■ **Exercise aim**: Print nothing except the lines of the listing below from the line with "Portacomidas de dos" to the line with "1. 대설을 맞아 하늘에서", each exactly as written, both ends included.

■ **Provided information**:
-----
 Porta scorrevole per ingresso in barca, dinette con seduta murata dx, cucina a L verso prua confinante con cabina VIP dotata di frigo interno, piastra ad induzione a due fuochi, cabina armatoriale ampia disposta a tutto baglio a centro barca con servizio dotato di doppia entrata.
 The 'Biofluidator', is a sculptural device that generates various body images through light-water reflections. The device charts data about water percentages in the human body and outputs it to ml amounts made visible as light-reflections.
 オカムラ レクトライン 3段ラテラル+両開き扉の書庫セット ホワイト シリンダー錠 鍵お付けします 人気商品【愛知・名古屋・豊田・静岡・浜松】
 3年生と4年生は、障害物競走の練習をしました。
-----
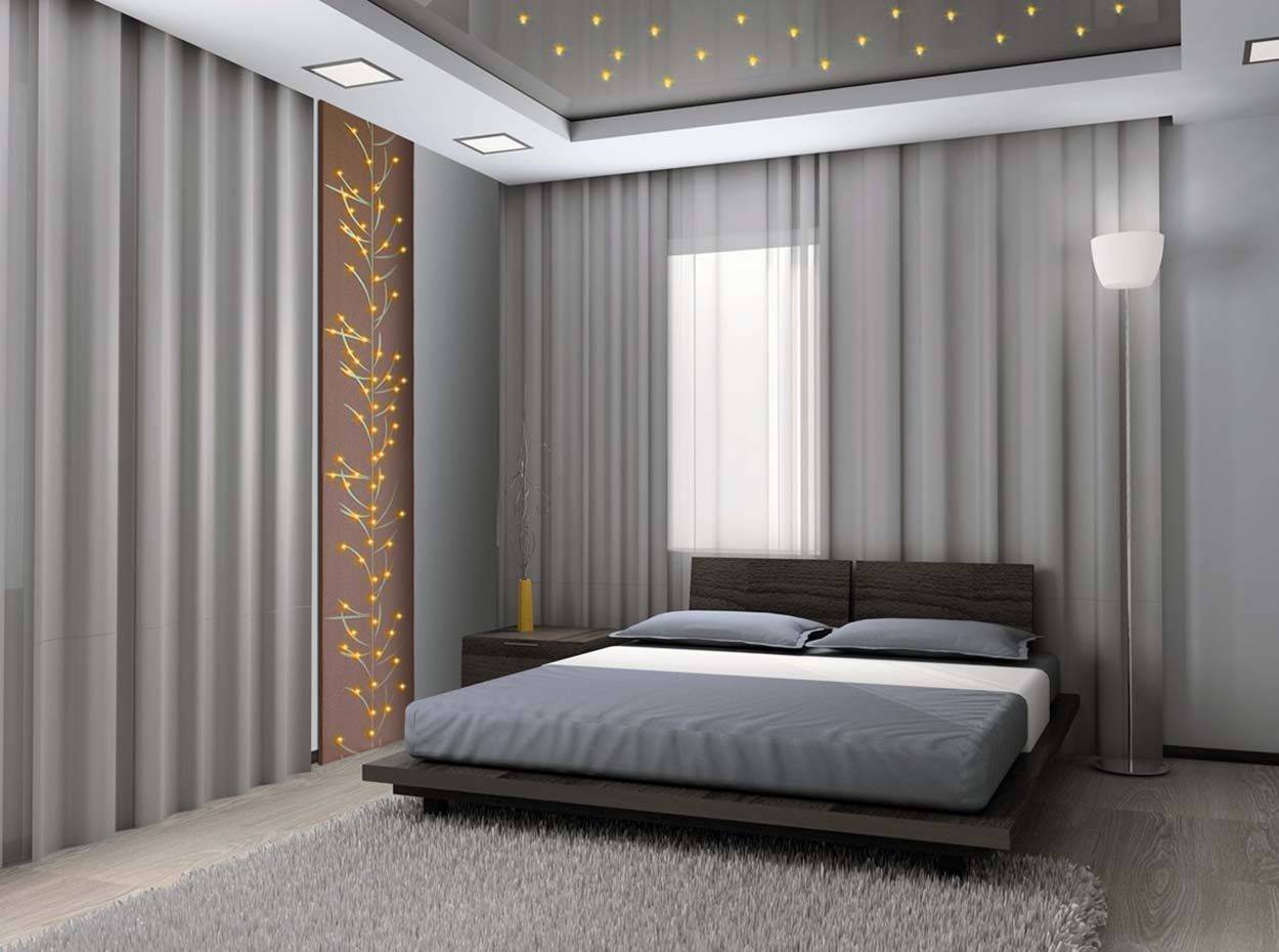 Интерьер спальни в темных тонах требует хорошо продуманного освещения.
-----
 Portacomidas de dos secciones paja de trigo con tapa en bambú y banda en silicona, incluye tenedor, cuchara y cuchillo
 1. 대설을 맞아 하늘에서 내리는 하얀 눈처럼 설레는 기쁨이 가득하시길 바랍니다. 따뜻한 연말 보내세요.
-----
■ **Reply**:
 Portacomidas de dos secciones paja de trigo con tapa en bambú y banda en silicona, incluye tenedor, cuchara y cuchillo
 1. 대설을 맞아 하늘에서 내리는 하얀 눈처럼 설레는 기쁨이 가득하시길 바랍니다. 따뜻한 연말 보내세요.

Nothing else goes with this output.